Cake-face smiled, showing off her bright white teeth. “I haven’t seen you around town.” Her voice was laced with a syrupy sweetness that hadn’t been there two minutes ago.

She slithered one butt cheek off her bar stool to move closer to him, her arm “accidentally” brushing his as she placed her margarita on the table. “I’m Larissa Worthington, as in Worthington Real Estate.”

His eyes weren’t on her. He hadn’t even glanced in her direction. No, his gaze was still locked on me.

“If you’re looking to move here, I can help you find the most sublime place.” Her manicured hand settled on Vic’s forearm. “And I give the most thorough tours.”

Everything in him changed, but it wasn’t like a flicked switch. This was a slow, threatening boil.

His jaw tightened.

His brows dipped.

And then his gaze unlocked from mine and moved. It was like a sniper rifle about to find its target. The question was whether he’d pull the trigger or not.

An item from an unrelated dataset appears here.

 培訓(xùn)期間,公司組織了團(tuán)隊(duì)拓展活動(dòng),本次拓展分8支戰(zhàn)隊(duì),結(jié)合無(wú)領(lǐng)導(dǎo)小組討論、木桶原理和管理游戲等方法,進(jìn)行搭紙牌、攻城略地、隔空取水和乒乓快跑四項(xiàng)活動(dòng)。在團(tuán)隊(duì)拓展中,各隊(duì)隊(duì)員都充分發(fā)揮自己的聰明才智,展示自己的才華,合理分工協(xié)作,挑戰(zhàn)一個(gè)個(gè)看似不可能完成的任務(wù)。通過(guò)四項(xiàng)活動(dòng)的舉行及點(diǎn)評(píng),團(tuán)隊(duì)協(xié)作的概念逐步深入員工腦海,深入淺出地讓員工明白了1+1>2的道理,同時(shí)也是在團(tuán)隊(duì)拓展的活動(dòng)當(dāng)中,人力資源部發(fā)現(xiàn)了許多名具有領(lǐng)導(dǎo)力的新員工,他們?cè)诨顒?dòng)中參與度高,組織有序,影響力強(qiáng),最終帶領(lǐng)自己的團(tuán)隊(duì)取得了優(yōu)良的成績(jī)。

Oh boy. This wasn’t going to be pretty. And I should probably say something, but she was a bitch, and I wasn’t feeling up to giving her a pass.

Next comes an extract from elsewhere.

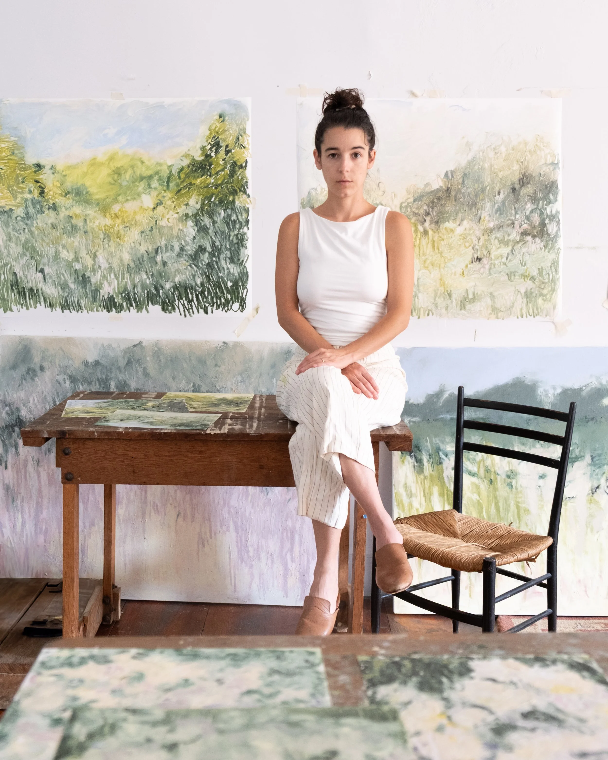 Raised on Slavic stories in an American suburb, I spent my childhood searching for secrets unfurling from flower buds, flowing between rocks, buried under fallen leaves, and whispered on the wind. Now settled, nestled in a sub rural hollow where two creeks converge in a regenerating wetland, this practice has permeated my approach to painting.My paintings are rendered loosely, wildly, with oil sticks and hands on a slippery surface of Yupo paper. This raw imagery is a response to shifting seasons, changes in vegetation, celestial passages, the swelling and ebbing of water. Later, I revisit these works and write short stories in response to the memories that arise. My words describe this place and its inhabitants, the forces of nature, my dreams, and experiences of stewardship and motherhood. The work holds a record of my relationship with the land.

“I think you should get your hand off me before I snap off those fake-ass nails and shove them down your throat.”

Cake-face sucked in a breath and her mouth dropped open.

I laughed inwardly. He really had no people skills, and I liked that about him. He told it like it was.

She slammed her jaw shut, and if it were at all possible to see her brain working, it would be a giant hamster wheel churning at full speed, because I was pretty sure she wasn’t accustomed to anyone speaking to her like that.